• INSTRUCTIONS FOR THE TASK
With the pictures left out, restate exactly the part below that opens with the line containing "Les contrats de" and closes with the line containing "จำนวนกว่า 10,000 อัตรา".

• DATA TO USE
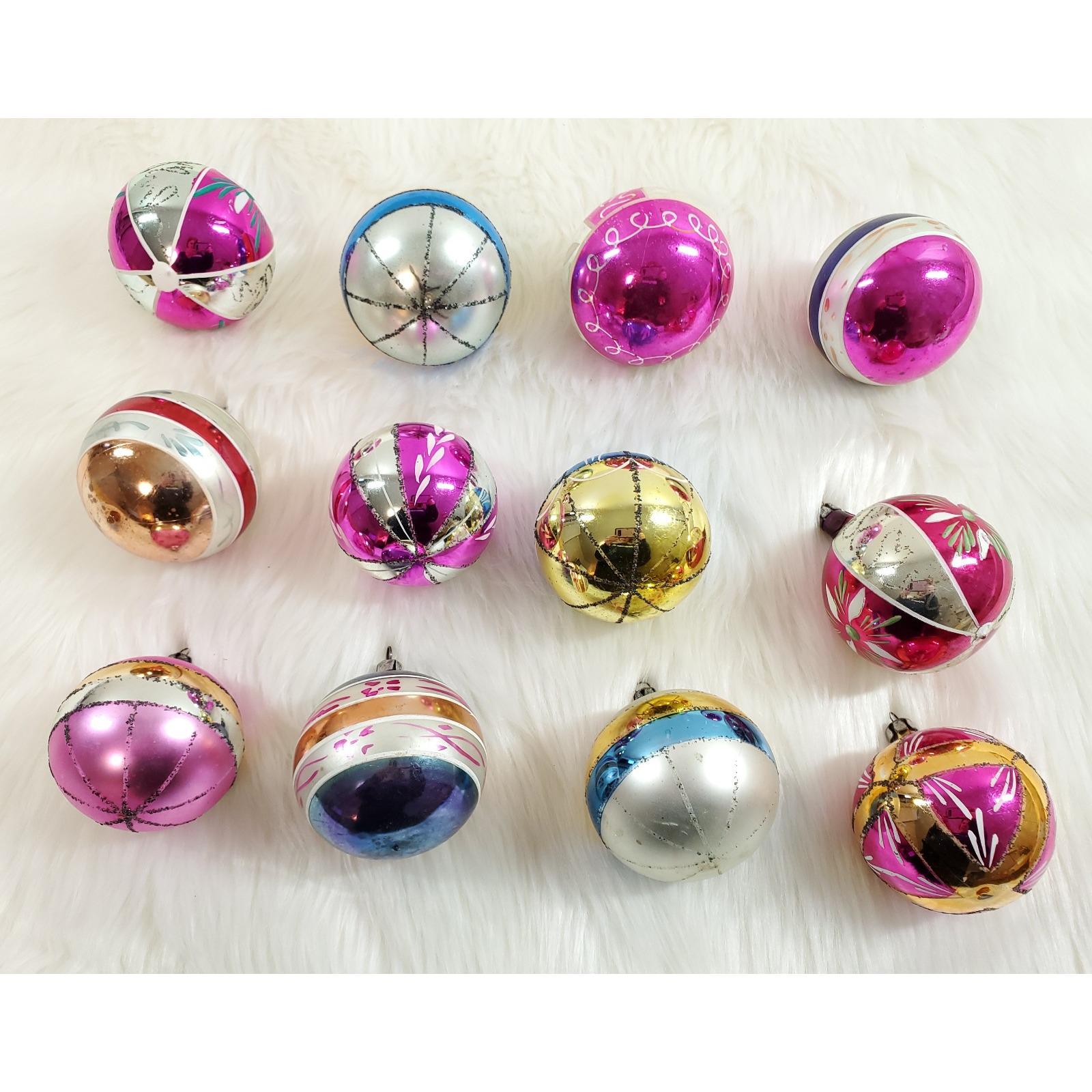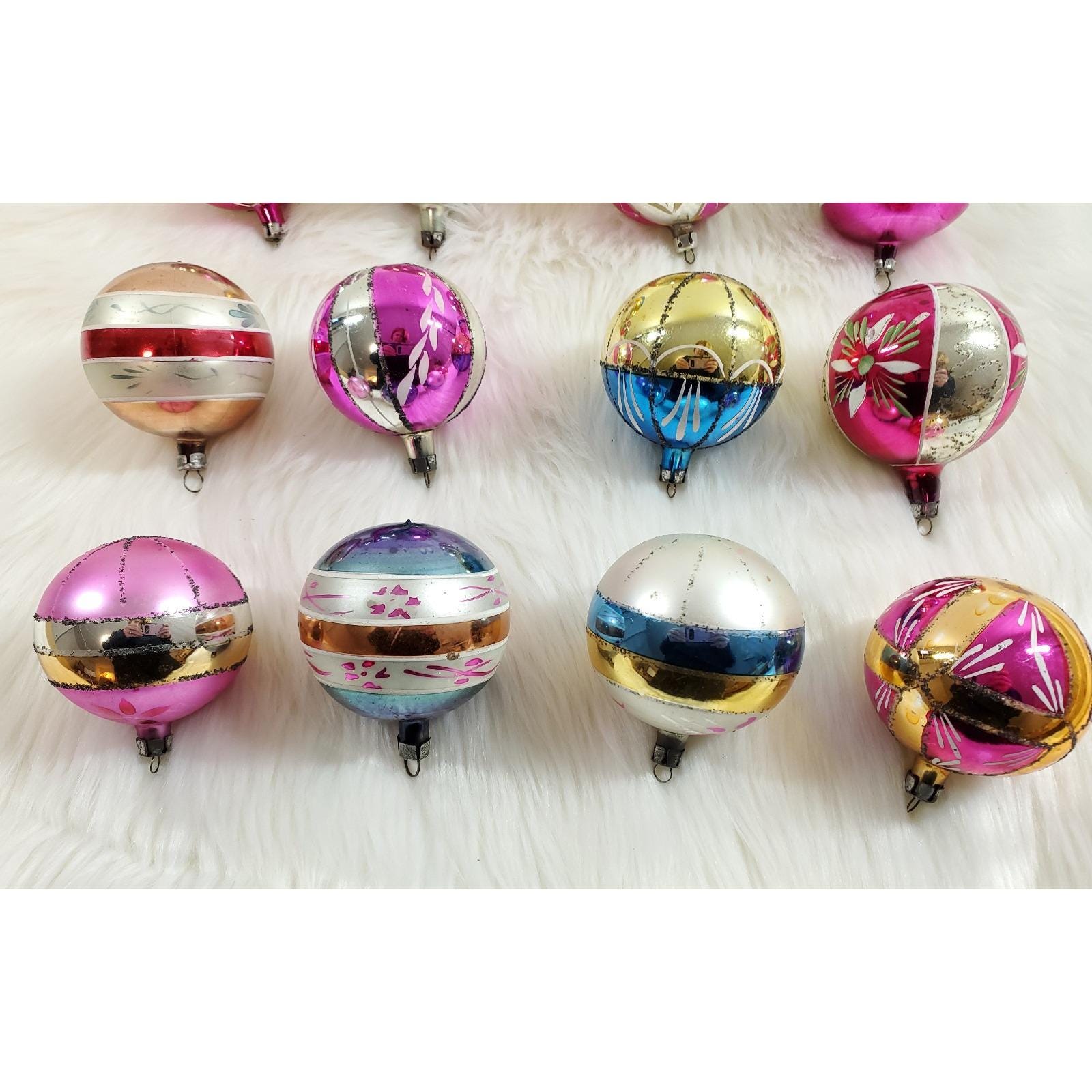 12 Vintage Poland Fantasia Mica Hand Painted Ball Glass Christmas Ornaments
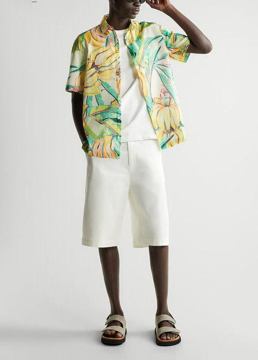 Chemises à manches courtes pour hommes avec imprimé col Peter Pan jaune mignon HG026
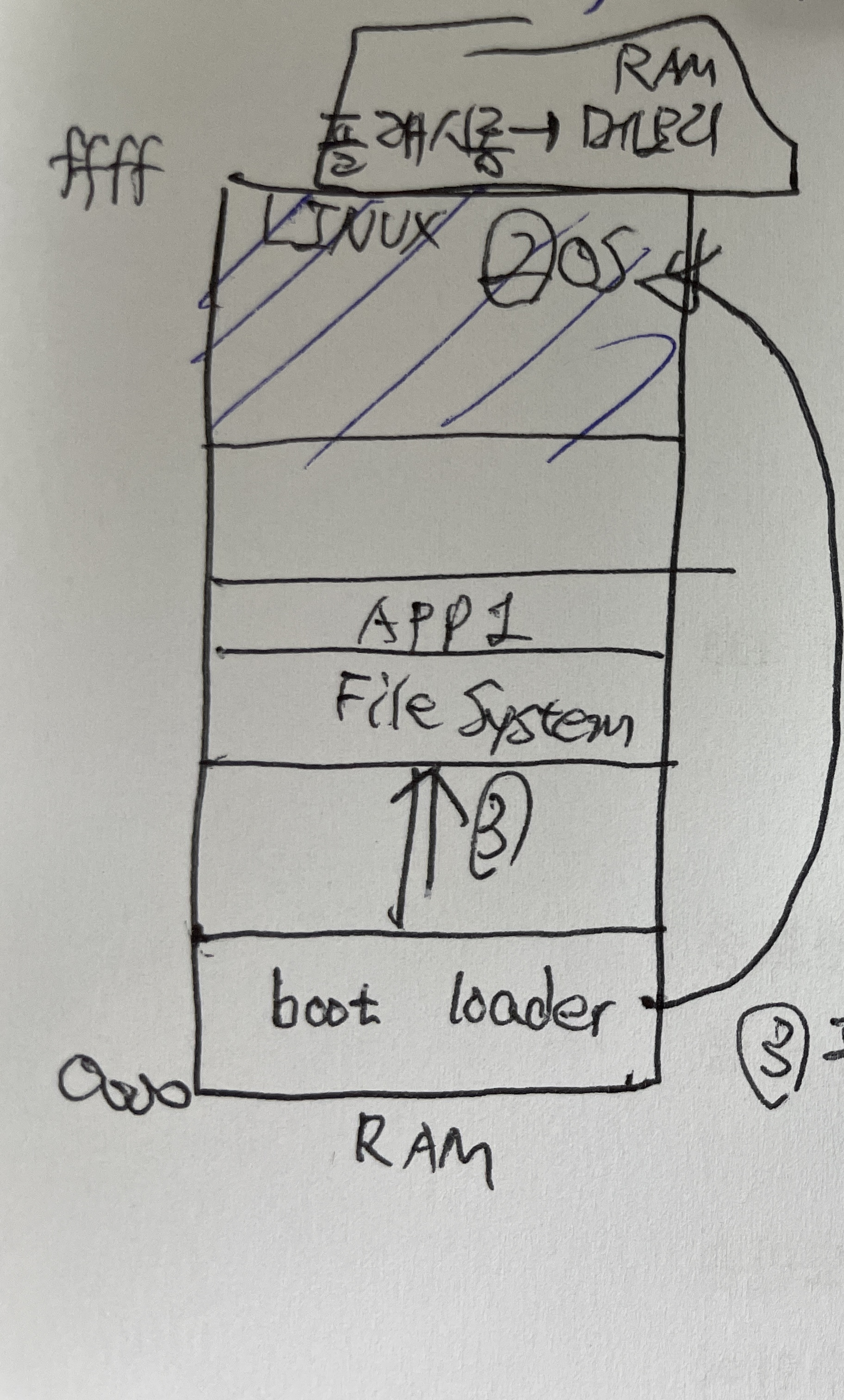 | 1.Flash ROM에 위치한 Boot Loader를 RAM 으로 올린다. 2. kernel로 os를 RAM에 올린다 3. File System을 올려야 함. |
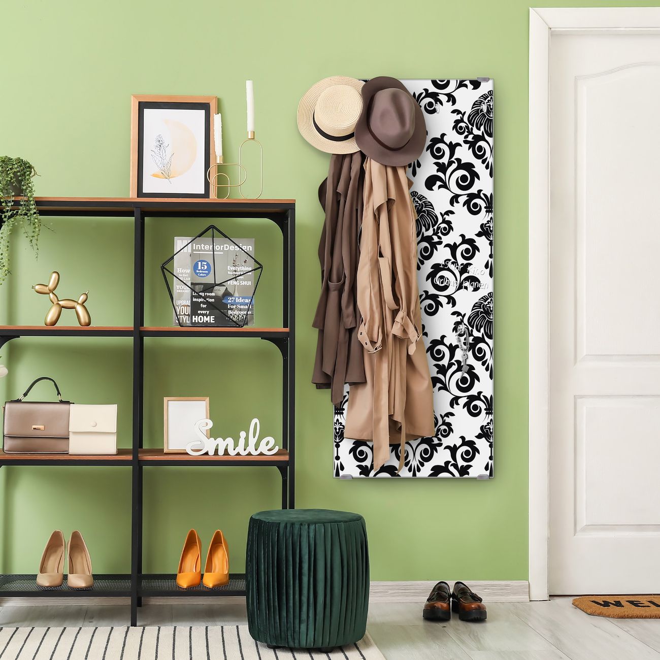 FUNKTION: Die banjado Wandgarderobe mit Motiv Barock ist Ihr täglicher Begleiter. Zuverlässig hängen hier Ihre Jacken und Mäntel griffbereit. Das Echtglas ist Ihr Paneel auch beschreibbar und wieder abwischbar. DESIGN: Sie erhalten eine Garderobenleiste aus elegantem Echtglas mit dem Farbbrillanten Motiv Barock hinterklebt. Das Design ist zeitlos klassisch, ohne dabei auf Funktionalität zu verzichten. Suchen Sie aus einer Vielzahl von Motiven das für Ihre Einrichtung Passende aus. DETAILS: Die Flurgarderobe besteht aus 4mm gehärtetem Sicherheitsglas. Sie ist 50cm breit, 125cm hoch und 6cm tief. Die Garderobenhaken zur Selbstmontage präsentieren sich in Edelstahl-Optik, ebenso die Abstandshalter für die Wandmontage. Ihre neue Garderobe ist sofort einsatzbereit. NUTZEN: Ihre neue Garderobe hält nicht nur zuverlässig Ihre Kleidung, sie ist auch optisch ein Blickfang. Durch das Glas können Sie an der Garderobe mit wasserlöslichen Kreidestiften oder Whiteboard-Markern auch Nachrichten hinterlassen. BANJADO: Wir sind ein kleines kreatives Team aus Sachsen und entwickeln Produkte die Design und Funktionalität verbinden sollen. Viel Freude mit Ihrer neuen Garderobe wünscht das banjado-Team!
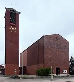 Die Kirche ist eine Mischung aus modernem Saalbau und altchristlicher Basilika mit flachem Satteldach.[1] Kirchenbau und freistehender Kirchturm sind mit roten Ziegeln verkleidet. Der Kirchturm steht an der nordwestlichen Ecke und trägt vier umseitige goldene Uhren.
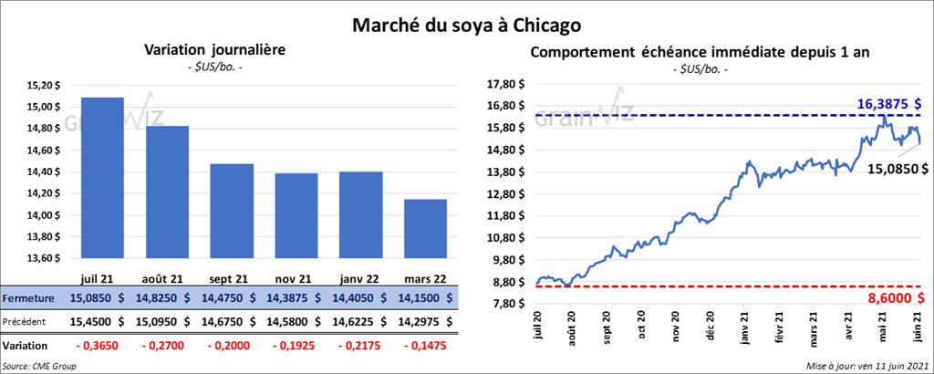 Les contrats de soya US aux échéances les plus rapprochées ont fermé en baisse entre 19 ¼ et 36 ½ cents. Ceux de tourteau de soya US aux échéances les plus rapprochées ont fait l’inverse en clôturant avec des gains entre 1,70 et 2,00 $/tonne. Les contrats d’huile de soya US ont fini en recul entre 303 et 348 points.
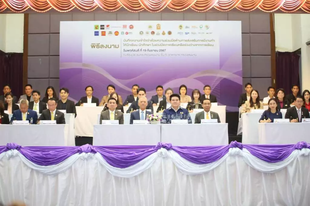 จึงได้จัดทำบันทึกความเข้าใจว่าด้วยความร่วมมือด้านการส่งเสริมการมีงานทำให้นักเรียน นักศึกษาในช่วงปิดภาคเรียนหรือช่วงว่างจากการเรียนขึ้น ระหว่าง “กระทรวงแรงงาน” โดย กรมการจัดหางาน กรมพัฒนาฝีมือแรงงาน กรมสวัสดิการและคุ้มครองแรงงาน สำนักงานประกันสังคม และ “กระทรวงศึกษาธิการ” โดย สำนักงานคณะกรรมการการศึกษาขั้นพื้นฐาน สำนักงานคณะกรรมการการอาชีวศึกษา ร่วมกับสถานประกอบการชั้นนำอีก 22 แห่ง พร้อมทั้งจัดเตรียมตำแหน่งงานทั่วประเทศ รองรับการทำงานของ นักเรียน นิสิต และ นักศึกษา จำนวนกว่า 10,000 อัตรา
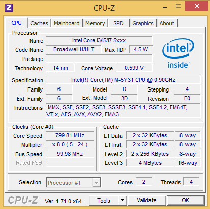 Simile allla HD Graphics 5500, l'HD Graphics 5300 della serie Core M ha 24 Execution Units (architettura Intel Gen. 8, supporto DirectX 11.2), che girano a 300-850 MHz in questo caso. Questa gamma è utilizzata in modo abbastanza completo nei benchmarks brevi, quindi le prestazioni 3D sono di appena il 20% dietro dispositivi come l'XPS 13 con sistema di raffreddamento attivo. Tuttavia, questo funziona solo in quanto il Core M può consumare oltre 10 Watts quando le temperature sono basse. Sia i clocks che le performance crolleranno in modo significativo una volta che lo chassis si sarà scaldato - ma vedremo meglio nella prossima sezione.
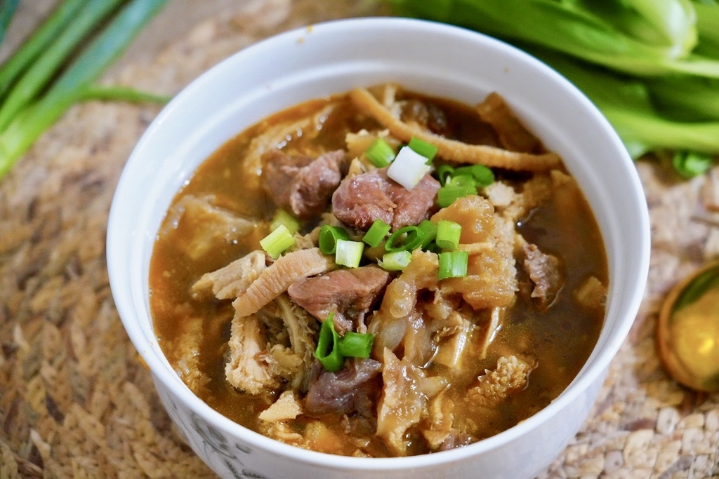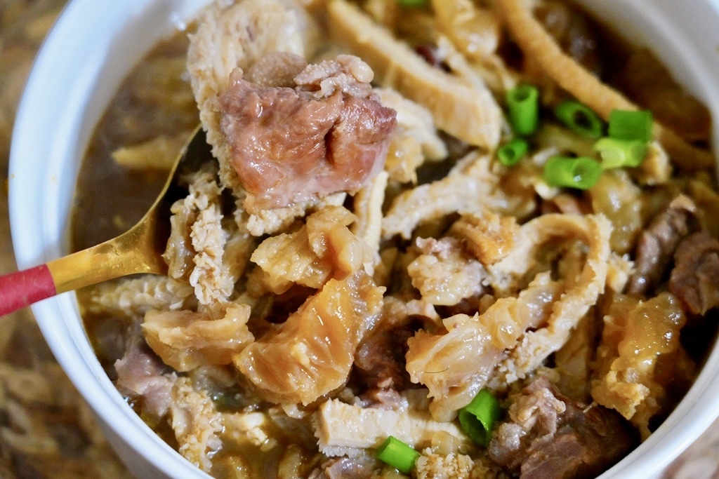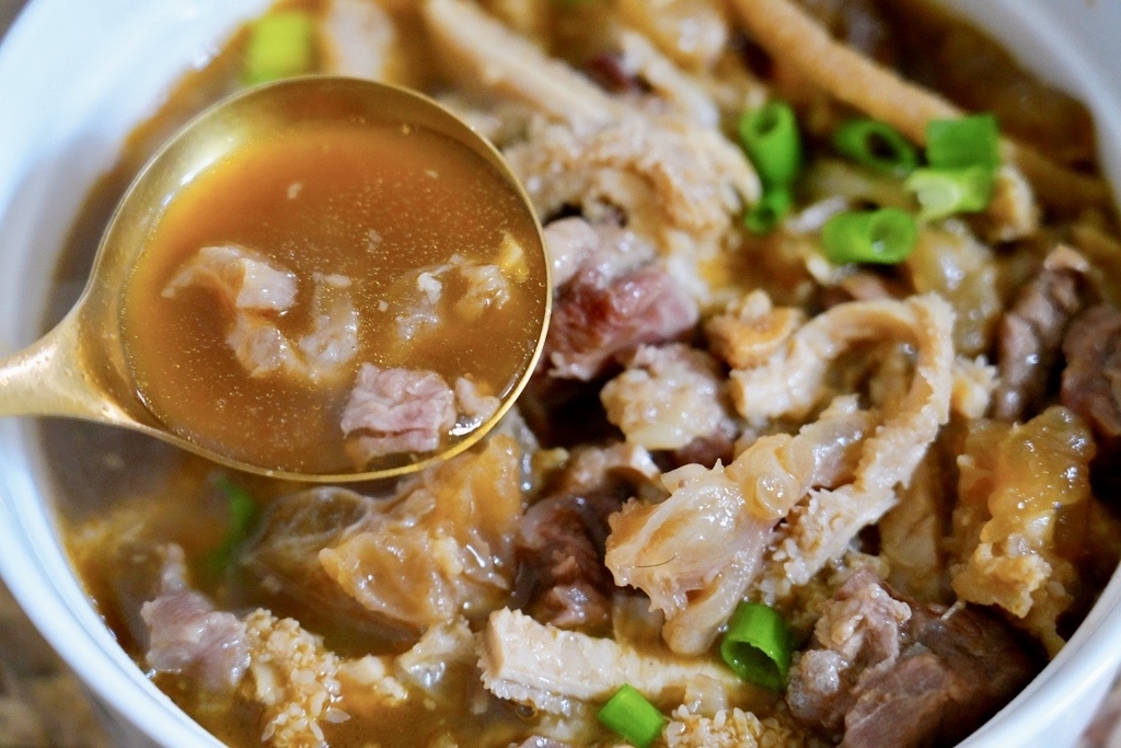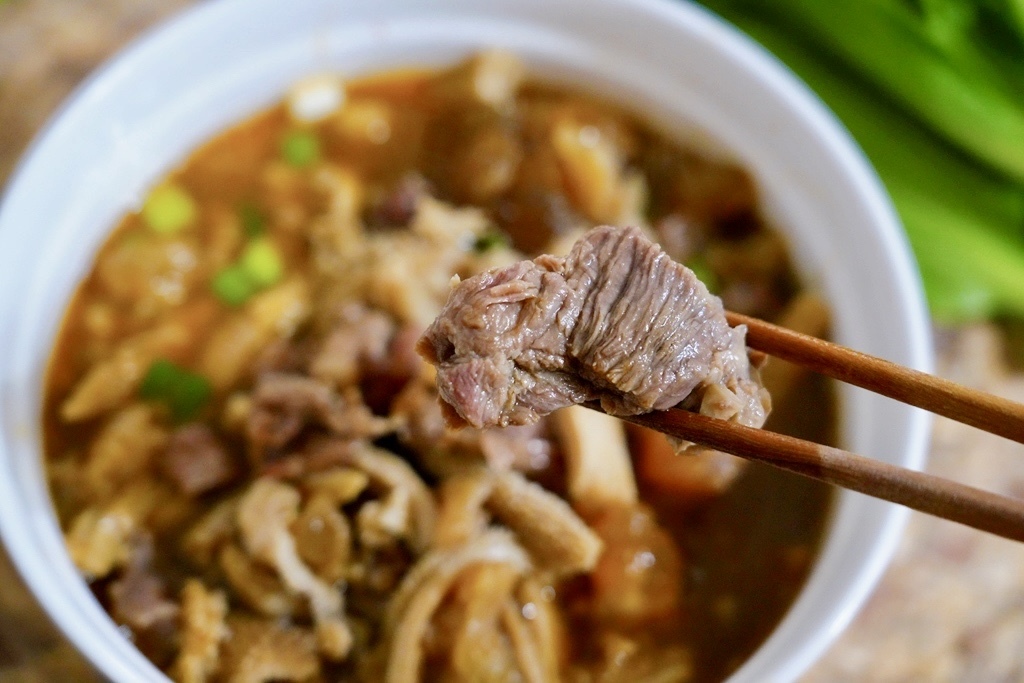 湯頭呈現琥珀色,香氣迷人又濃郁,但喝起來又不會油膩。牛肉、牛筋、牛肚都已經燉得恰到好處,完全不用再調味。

• SOLVED EXERCISE
 Les contrats de soya US aux échéances les plus rapprochées ont fermé en baisse entre 19 ¼ et 36 ½ cents. Ceux de tourteau de soya US aux échéances les plus rapprochées ont fait l’inverse en clôturant avec des gains entre 1,70 et 2,00 $/tonne. Les contrats d’huile de soya US ont fini en recul entre 303 et 348 points.
 จึงได้จัดทำบันทึกความเข้าใจว่าด้วยความร่วมมือด้านการส่งเสริมการมีงานทำให้นักเรียน นักศึกษาในช่วงปิดภาคเรียนหรือช่วงว่างจากการเรียนขึ้น ระหว่าง “กระทรวงแรงงาน” โดย กรมการจัดหางาน กรมพัฒนาฝีมือแรงงาน กรมสวัสดิการและคุ้มครองแรงงาน สำนักงานประกันสังคม และ “กระทรวงศึกษาธิการ” โดย สำนักงานคณะกรรมการการศึกษาขั้นพื้นฐาน สำนักงานคณะกรรมการการอาชีวศึกษา ร่วมกับสถานประกอบการชั้นนำอีก 22 แห่ง พร้อมทั้งจัดเตรียมตำแหน่งงานทั่วประเทศ รองรับการทำงานของ นักเรียน นิสิต และ นักศึกษา จำนวนกว่า 10,000 อัตรา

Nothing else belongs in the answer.